Philipp A. Kozin, German Salazar-Alvarez, and Jean-François Boily
Langmuir 30 (2014) 9017–9021
Langmuir 30 (2014) 9017–9021
DOI: 10.1021/la500507e
Abstract
The impact of lepidocrocite (γ-FeOOH) nanoparticle aggregation on mineral surface charge development was resolved in aqueous solutions of NaCl and NaClO4. Synthetic rod-like particles exhibiting charged edge (100) and neutrally/low-charged (010) faces self-aggregated in salt-free solutions. Aggregation was notably imaged by high-resolution transmission electron microscopy, and inferred by decreases in N2(g)-B.E.T. specific surface area from 94 m2/g to 77 m2/g after 12 months, and to 66 m2/g after 33 months storage.
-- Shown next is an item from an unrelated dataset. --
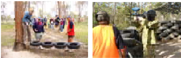
Rylarians enjoying the adventure activities-low ropes course, paint ball

Speakers included a professor, police officer, a PDG of Rotary, radio station manager, toastmaster, lawyer, an international business manager and professional speaker imparting their knowledge and expertise on a range of subjects covering leadership, life skills, team building, communication, health and human performance, goal setting, group dynamics, public speaking, debating and community service.

Potential determining (H+, OH–) ions loadings in the 4–11 pH range were unchanged only if the particles remained aggregated in NaCl but only if they were disaggregated in NaClO4. These differences, alongside molecular simulations and experimental ion loadings resolved in other studies from our group, point to important controls on background electrolyte ion identity on the aggregation and charge development in lepidocrocite. These results may apply further to other mineral surfaces of comparable surface (hydr)oxo populations.